◆ TASK ITEM
Set down, word for word, only the lines from the start of the records through the line bearing "66 329 #鬼さん深夜の60分一本勝負"; include no pictures.
(Beginning of MATERIALS PROVIDED)
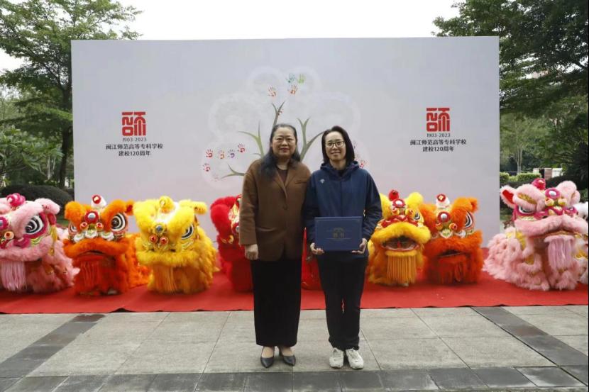 12月1日下午,由大赢家体育app下载团委主办、承办的庆祝建校百廿周年手印画活动暨“繁星”舞狮社团成立仪式等系列活动在校综合楼前顺利开展,学校各级领导亲临现场。公共基础部白亮老师作为指导老师在校团委各级领导的关心支持与协助下,利用课余时间带领着有三个校区组成的舞狮社同学们进行高强度训练。林旻副书记为社团指导老师公共基础部白亮老师颁发了聘书。
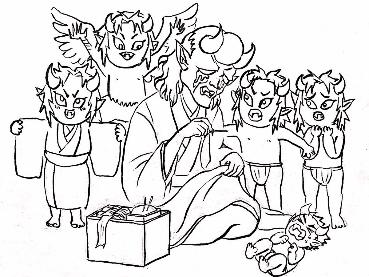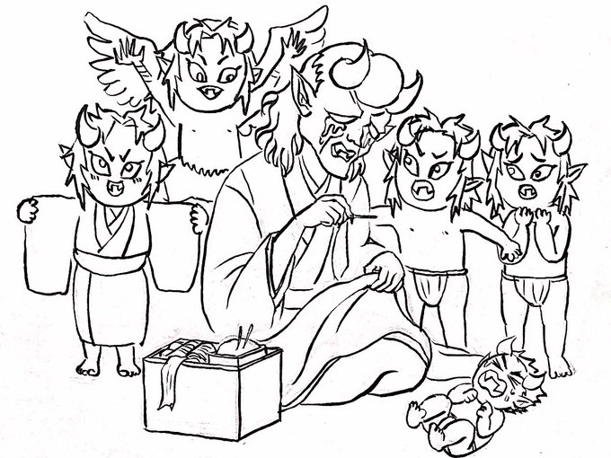 66 329 #鬼さん深夜の60分一本勝負 @oni1draw1write お題:半天狗/着物 みんなの着物を縫うおじいちゃん 左/1時間 右/+1時間45分 20/05/29 22:26
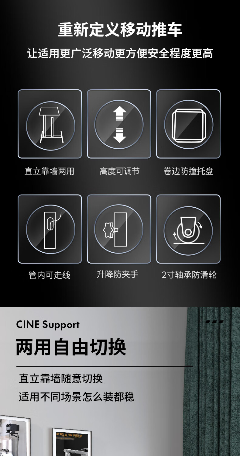 思影(CINE)Z05L投影仪带轮支架落地升降工作台投影机通用托盘升降架激光电视移动支架家用置物架 Z05L(80-125cm升降)
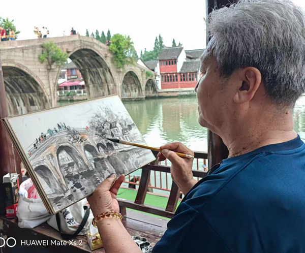 近年來有機會參加了數次旅游采風活動,每每都努力去體驗人和自然,藝術的美感,立求客觀和主觀的再認知,再統一。戶外寫生注重取法自然,細觀每幅作品,層巒疊嶂,造化筆底,大有其:戰立高峰去看風,山水無聲入紙來。以藝術觀念,運用豐富的筆墨,精準的理解,解構映入眼簾的大自然各類存在,欲與大癡同云游,讓人感受草木皆有情,暮秋山舍滿坡暉。詩是藝術靈魂的逐放處,繪畫的淵源,永保山林之中的野趣,悠然之中天趣自生。歷次戶外寫生情況各不相同,因為采用了各種方法以嘗試如:鋼筆速寫,鋼筆淡彩,水彩,水墨。
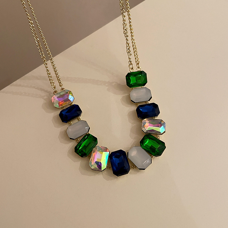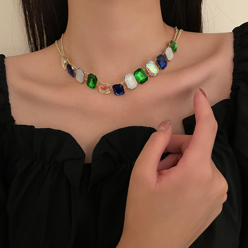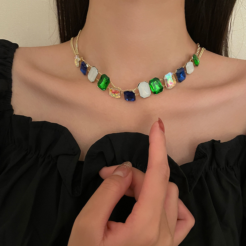 fleepmart Statement Green Mixed Color Crystal Choker Necklace For Women Personality Classic New Jewelry
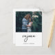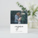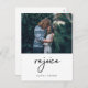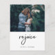 This ultra modern, minimalist holiday postcard says "rejoice" in handwritten black script on the front, along with your personal photo and your names for a simple and stylish Christmas greeting.
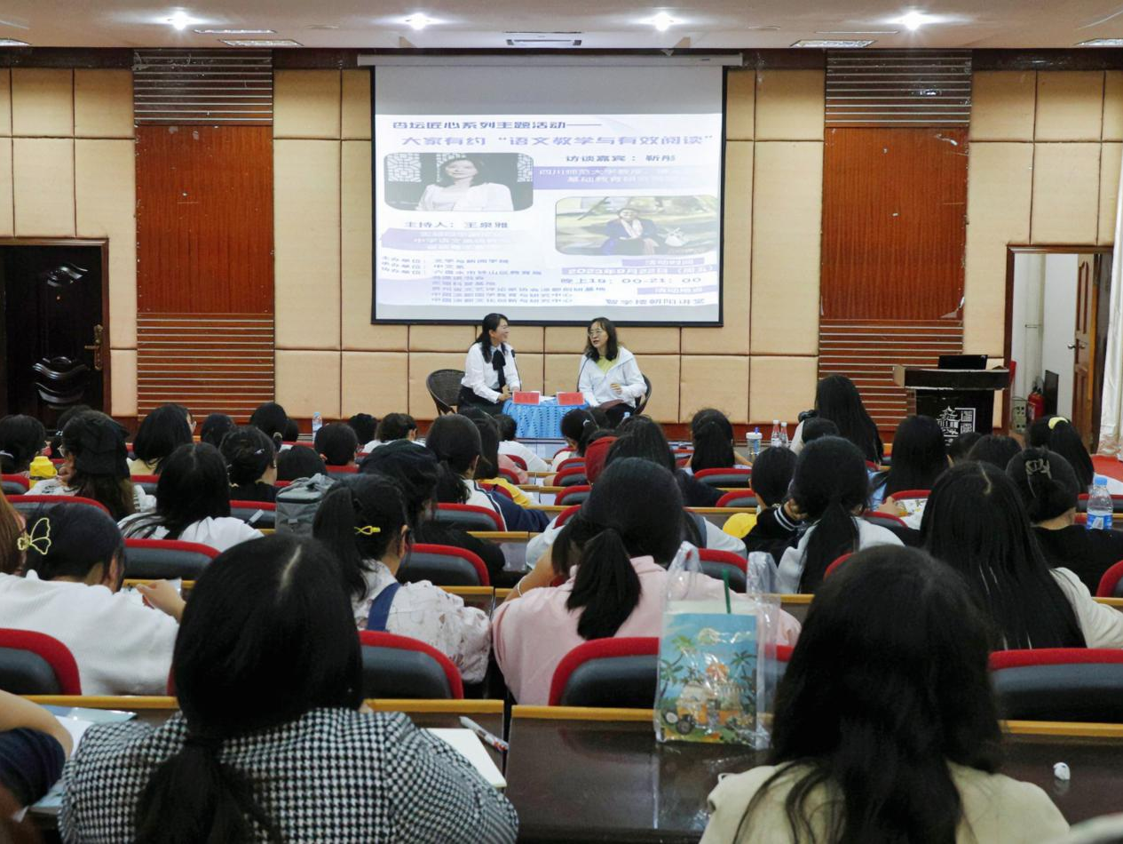 9月22日晚,在学校智学楼朝阳讲堂,四川师范大学教授靳彤以“语文教学与有效阅读”为主题,开展访谈式沙龙。
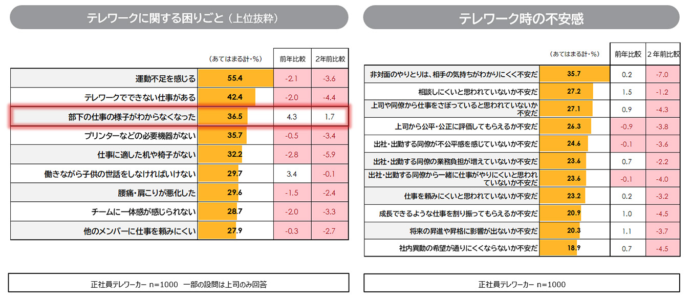 また、テレワークへの慣れが進み、テレワーク時の困りごと(デメリット)は徐々に減少している中、マネジメントに関する課題は依然として解決されていない。上司が部下の仕事の様子が見えないという課題が、テレワークが普及した2020年から5年経っても残存している様子がうかがえる。
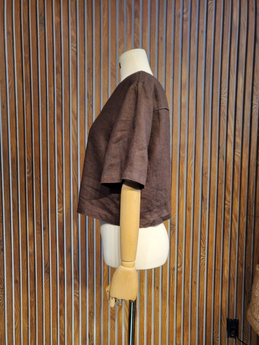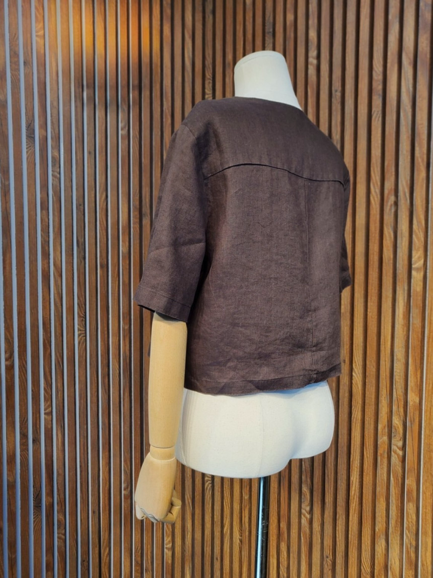 크롭 린넨 반팔 쟈켓
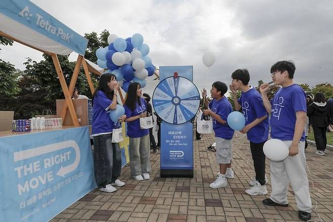 난빛축제에 참여한 나우리 중등연합 학생들이 테트라팩 다트룰렛 이벤트에 참여하고 있다. 이날 테트라팩은 멸균팩 재활용 수거 캠페인 등 다양한 프로그램을 전개하며 멸균팩의 올바른 분리배출 방법과 재활용의 중요성을 알렸다. (사진=테트라팩 코리아 제공) 2025.05.26. photo@newsis.com *재판매 및 DB 금지
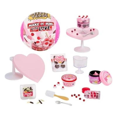 MAKE IT MINI WITH LOVE: Celebrate the season with Make It Mini With Love; a Valentine’s themed DIY collectable series for crafting tiny creations UNBOX IT: Each ball includes realistic ingredients and accessories; unwrap a dessert, decor piece, or another love-themed mini MAKE IT: Check the collector’s guide to see which mini you have; follow the “recipe” card to assemble your creation or craft a #MiniverseRemix SET IT: After completing your mini, place it under sunlight or use a UV light until the resin has hardened; once set, it is ready for display DISPLAY IT: Show your mini on the included heart-shaped table; a themed display piece for presenting your finished creation in style RARE MINI TO FIND: Keep a lookout for the Ultra Rare Engagement Ring mini; a fun collectable hunt within the With Love series DISCLAIMER: All ingredients are NOT edible and include resin play; not suitable for children under 8 years of age, Manufacturer: MGA Entertainment
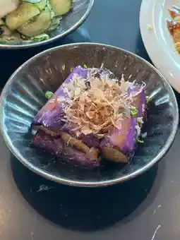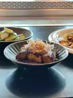Nanban-style pickled eggplant 🍆 à la carte $48 💰 Eggplant fried until crispy outside and tender inside 😗 with sweet and salty sauce, topped with bonito flakes 🐠 very appetizing 😛
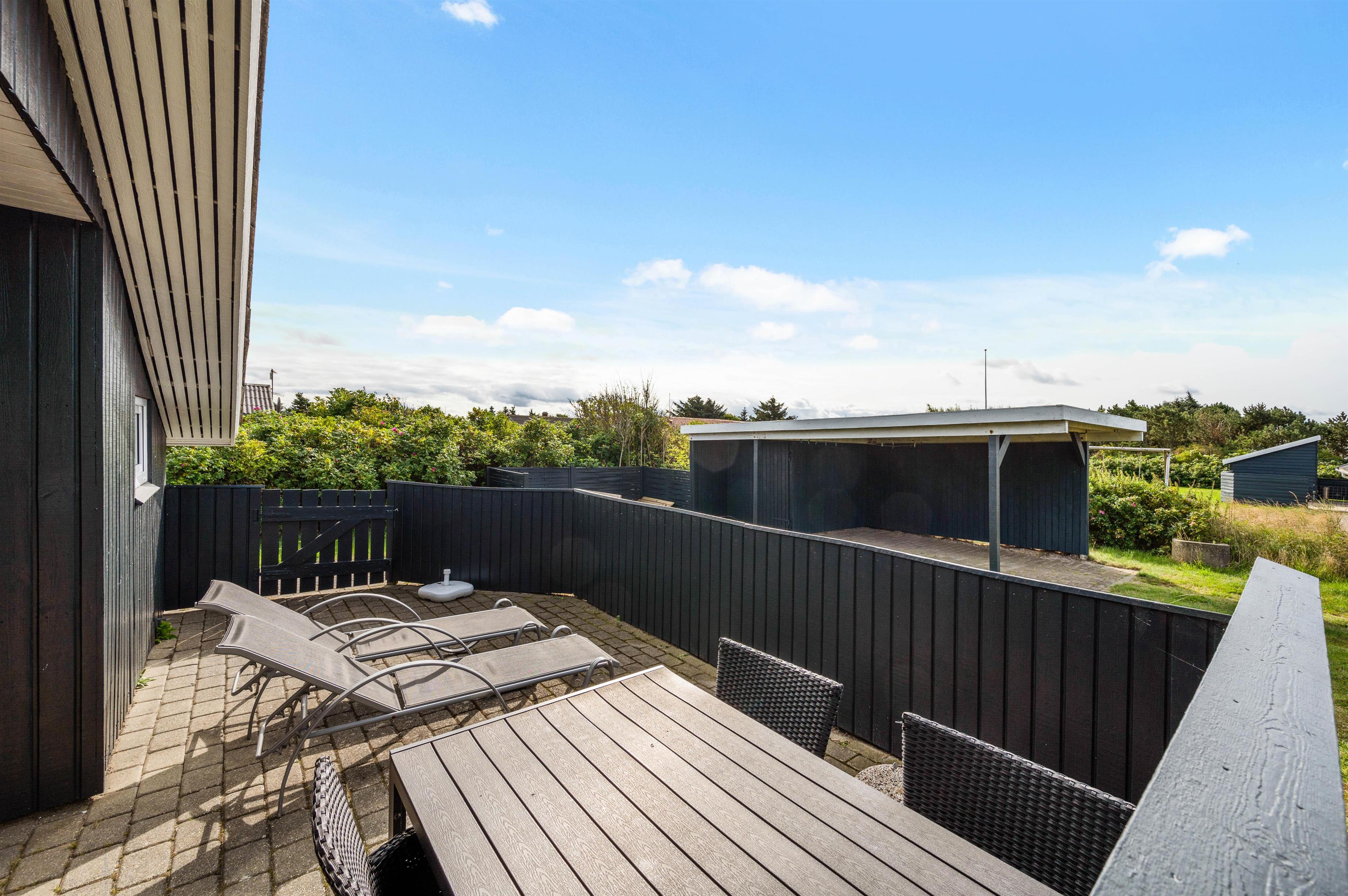 The house features a fully enclosed and partially covered terrace to the south and west, plus a small open terrace to the west. You can enjoy breakfast on the sheltered east terrace, which comes equipped with garden furniture, sun loungers and a barbecue.
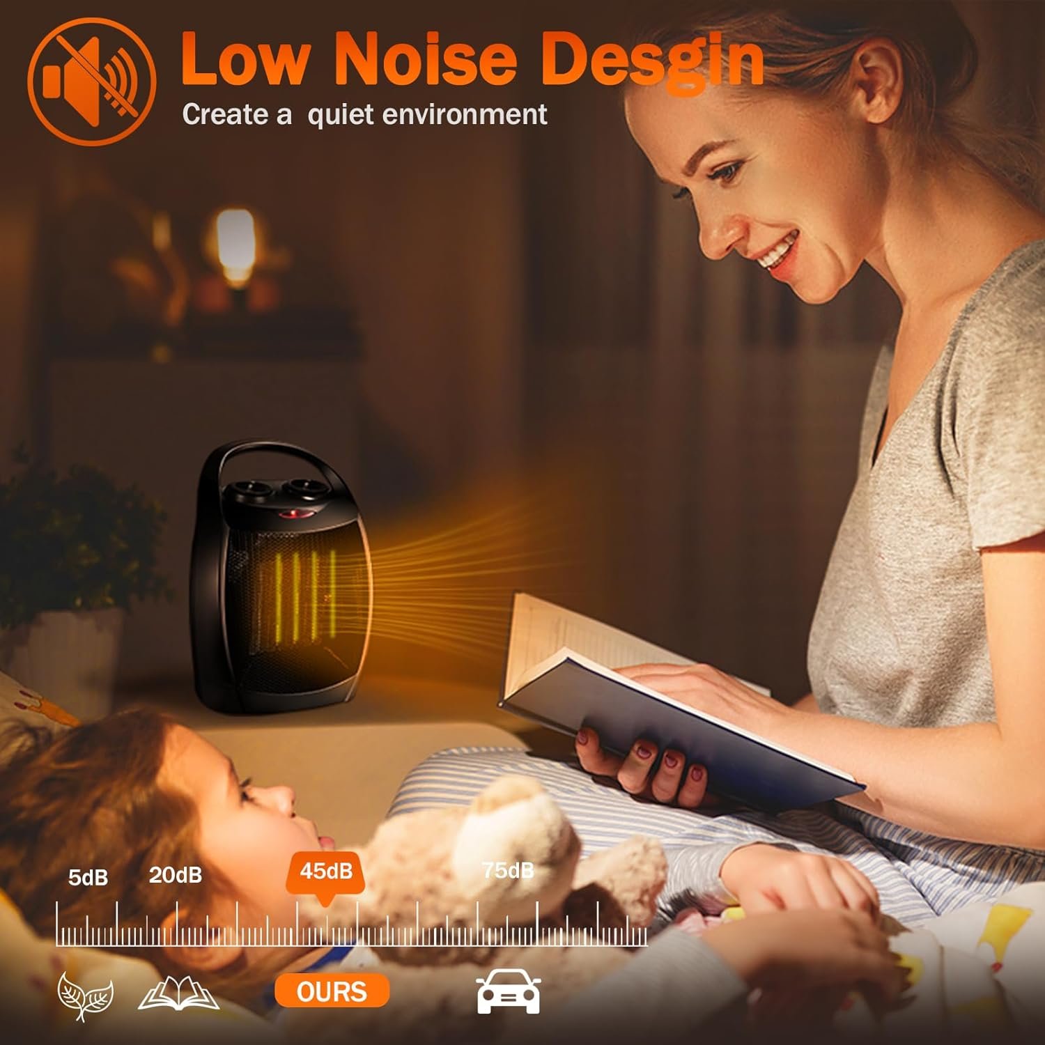 QUIETER DESIGN: This space heaters for indoor use is equipped with a brushless DC motor and a construction of 5 aerodynamic blades. These features result in smooth airflow, eliminating air turbulence and providing gentle, peaceful warmth. With noise levels lower than 45 decibels, it is sufficiently quiet, making it suitable for most individuals to use in their bedrooms for sleeping or working.
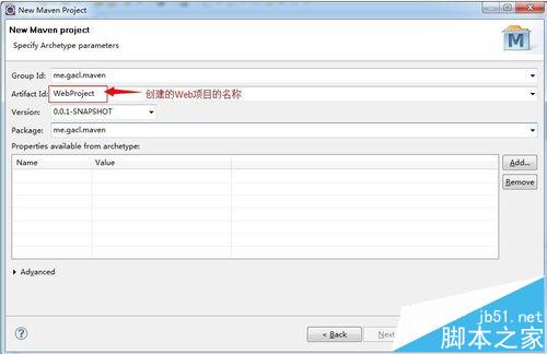5、Group ID一般寫大項目名稱。Artifact ID是子項目名稱。例如Spring的web包,Group ID:org.springframework,artifactId:spring-web。Package是默認給你建一個包,不寫也可以。如下圖所示:
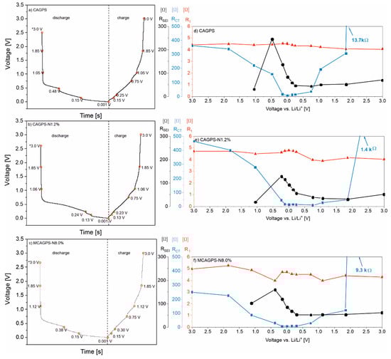 Voltage profiles of (a) CAGPS, (b) CAGPS-N1.2%, and (c) MCAGPS-N8.0% materials with marked potentials, in which electrochemical impedance spectroscopy (EIS) measurements were carried out. The values of R1, RSEI, and RCT as functions of potential for (d) CAGPS, (e) CAGPS-N1.2%, and (f) MCAGPS-N8.0%, respectively ((MCAGPS—carbon aerogel made from potato starch modified with melamine; CAGPS-N—carbon aerogel made from potato starch modified by N2 pyrolysis; CAGPS—pristine carbon aerogel).
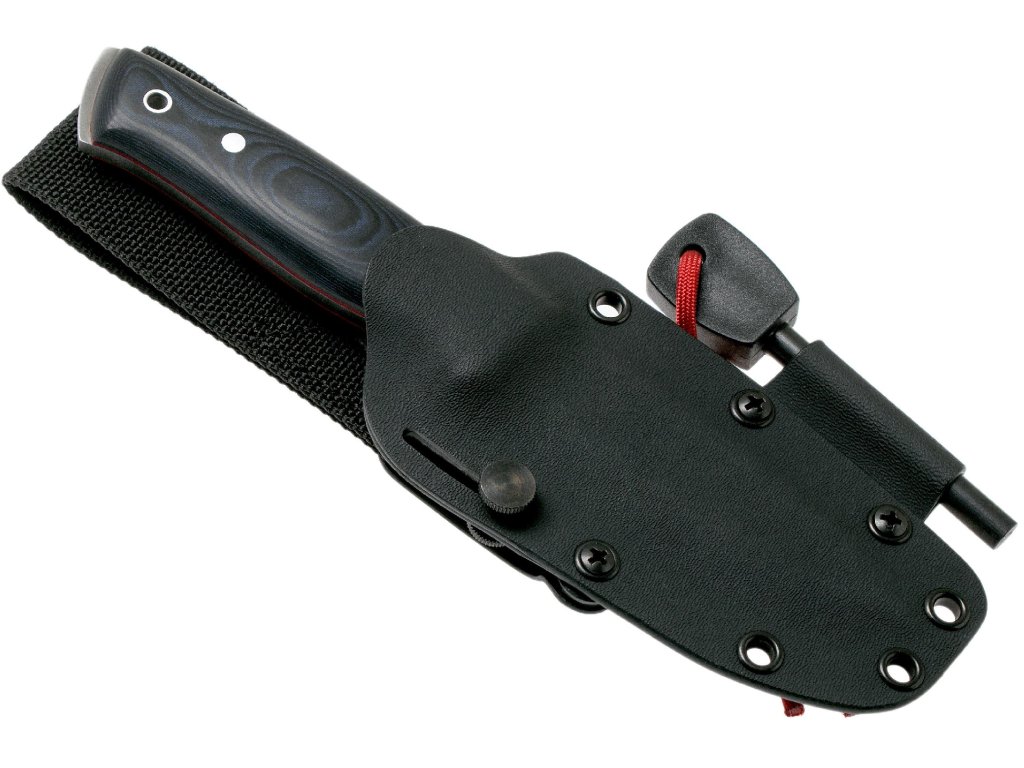 • Pevné pouzdro: Nůž je dodáván s odolným kydexovým pouzdrem, které obsahuje držák na magnéziový podpalovač pro rychlé a bezpečné připevnění.
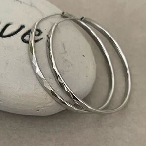 #43 NEW Large 925 Sterling Diamond Cut Hoop Earrings
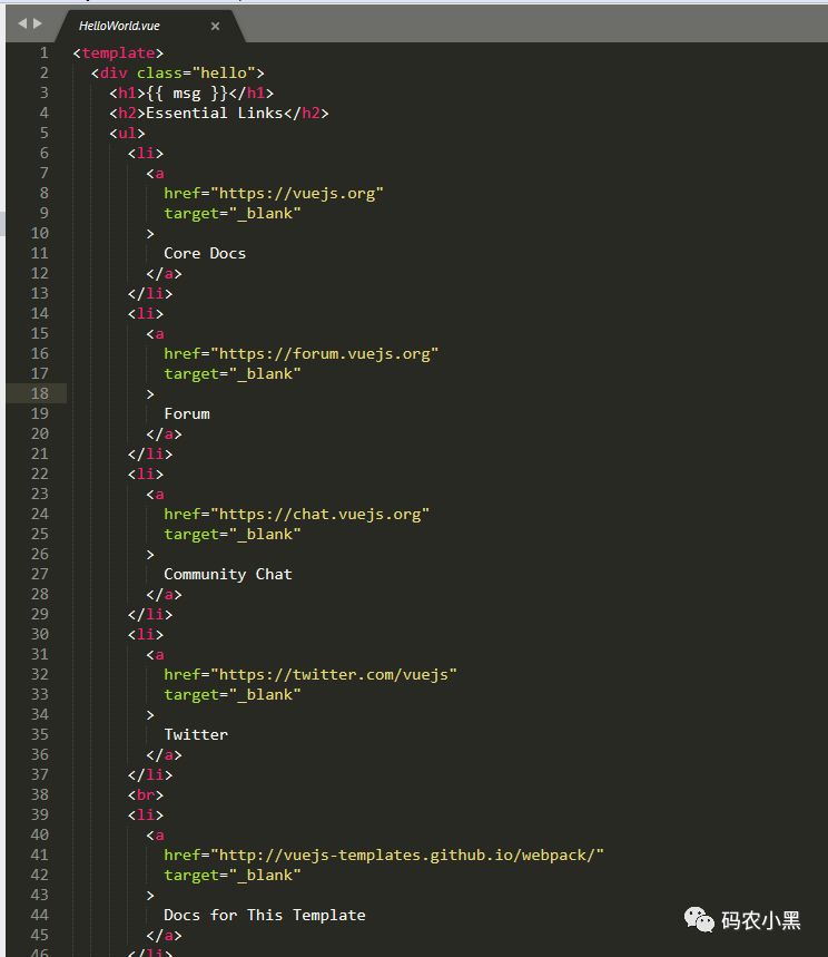 5.打开components/HelloWorld.vue组件,会发现这里就是我们访问的网页显示的内容
(End of MATERIALS PROVIDED)
◆ ANSWER TO THE EXERCISE
 12月1日下午,由大赢家体育app下载团委主办、承办的庆祝建校百廿周年手印画活动暨“繁星”舞狮社团成立仪式等系列活动在校综合楼前顺利开展,学校各级领导亲临现场。公共基础部白亮老师作为指导老师在校团委各级领导的关心支持与协助下,利用课余时间带领着有三个校区组成的舞狮社同学们进行高强度训练。林旻副书记为社团指导老师公共基础部白亮老师颁发了聘书。
 66 329 #鬼さん深夜の60分一本勝負 @oni1draw1write お題:半天狗/着物 みんなの着物を縫うおじいちゃん 左/1時間 右/+1時間45分 20/05/29 22:26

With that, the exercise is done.